The proposed amendments, Nos. 756 through 759, were submitted by Councilman Patrick Dowd (D-7th district) on Sept. 24 (see Shale Daily, Sept. 26). On Wednesday, the amendments passed the muster of the city’s standing committee.

“I think it’s important that we have this legislation before us now,” Dowd said Wednesday. “It’s the first time in many, many, months that we’re legally allowed to do this. It’s an opportunity for us to make a political statement that we believe in zoning. Most importantly, it’s an opportunity for us to consider a bill, or a set of bills, which are designed to protect the health and safety of citizens and due process of property owners.”

If approved by the planning commission, at least one public hearing would need to be held on the proposals.

The city council voted to ban fracking in 2010 (see Shale Daily, Nov. 17, 2010). Pittsburgh Mayor Luke Ravenstahl favors the ban’s repeal, but City Council President Darlene Harris supports the ban and said she won’t bring it up for a repeal vote. She also backed filing a legal brief in support of the municipalities fighting Act 13, Pennsylvania’s omnibus Marcellus Shale law, in court (see Shale Daily, Sept. 19; Sept. 13).

“In 2010 we were shocked to learn that gas companies were leasing land,” Dowd said. “And at that time, we went as council members to those companies and tried to talk with them to try to understand what was going on. These companies weren’t the Chevrons and the Exxons… these were smaller folks. And they were unwilling to discuss with us anything that they were doing and they were unwilling to state their intentions. And as a council, there was a lot of sentiment regarding a ban. And at that time, I shared that sentiment because there was a lot of anxiety and confusion about what was going on then.”

Councilwoman Theresa Kail-Smith (D-2nd district) said she supported job creation but had some continuing concerns.

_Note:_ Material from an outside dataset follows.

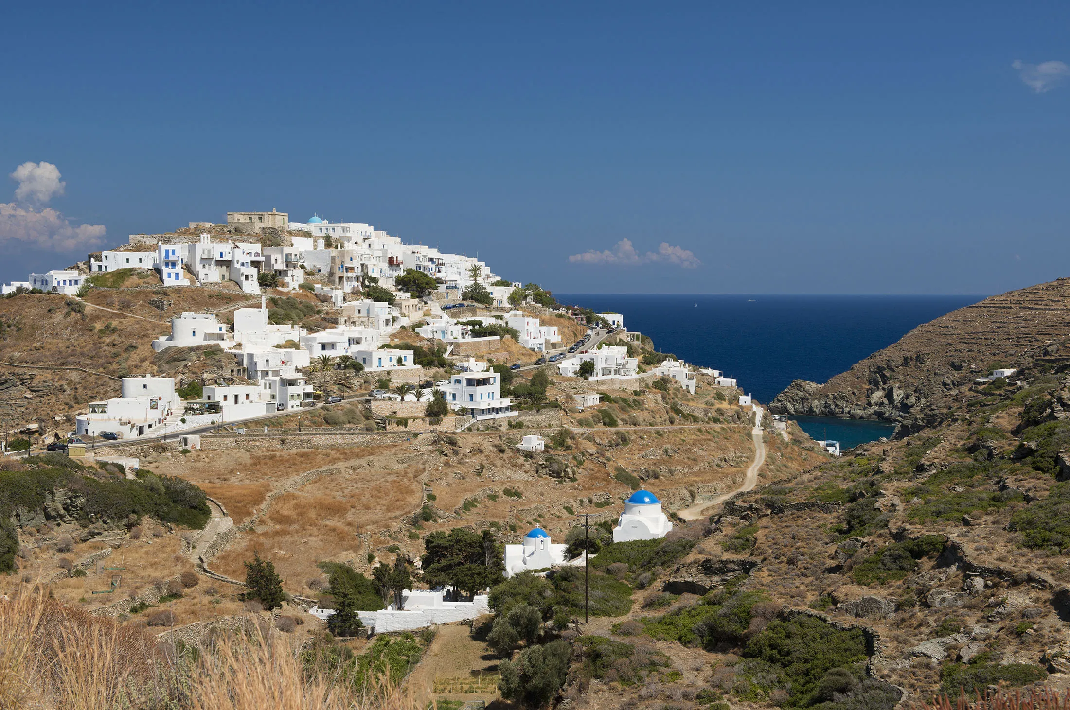 塞里福斯的霍拉镇。摄影师:图尔/盖蒂图片社/罗伯特·哈丁世界影像不过,准备充足的水、太阳霜和遮阳帽是去岛上主要徒步旅行的必备:从旧镇出发,经过一系列蜿蜒的小路,进行四小时的探险,最终到达那座像堡垒一样的白washed古老修道院——塔克西阿基斯。

“I have not had one conversation with the mayor about lifting the ban,” Kail-Smith said Wednesday, adding that she thought it was “fascinating that we haven’t heard from any of the drilling companies.

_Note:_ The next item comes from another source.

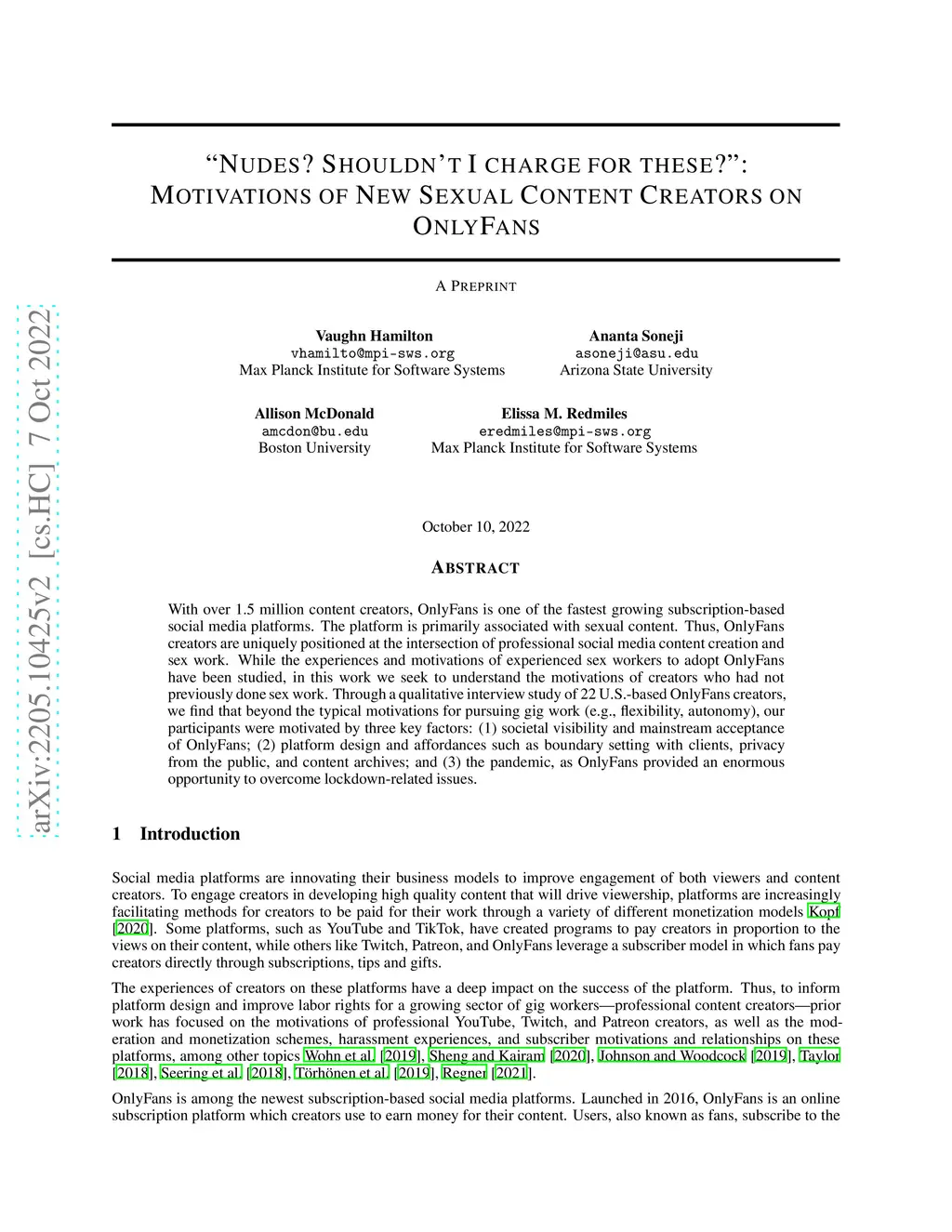Content Creators on OnlyFans

“There’s a lot of concern here…[but] I also don’t want to miss the opportunity for jobs in the City of Pittsburgh. In this economy we want to see people working. I just have some issues with the whole drilling in general, to be honest with you, but I think that it’s worth a conversation.”

Ricky Burgess (D-9th district) concurred and said he supported Dowd’s proposals. “I am nuanced about extraction in general,” he said. “I think there are places, perhaps, where [drilling] is appropriate. But I am convinced, without a shadow of a doubt, that drilling should not occur within the city limits. Not for the next 20 or 30 years, it should not.

“I think this is a reasoned approach. Unfortunately, on this issue a lot of rhetoric replaces reason. And unfortunately there are some who fear monger for whatever reason.”

Harris said she was “looking” at Dowd’s proposals, but didn’t indicate whether she supported them or was opposed. She repeated that she favored the current ban.

“I’ve never been against any industry,” Harris said. “However, every industry that I know has had regulations. For some reason, this industry has not had the regulations.”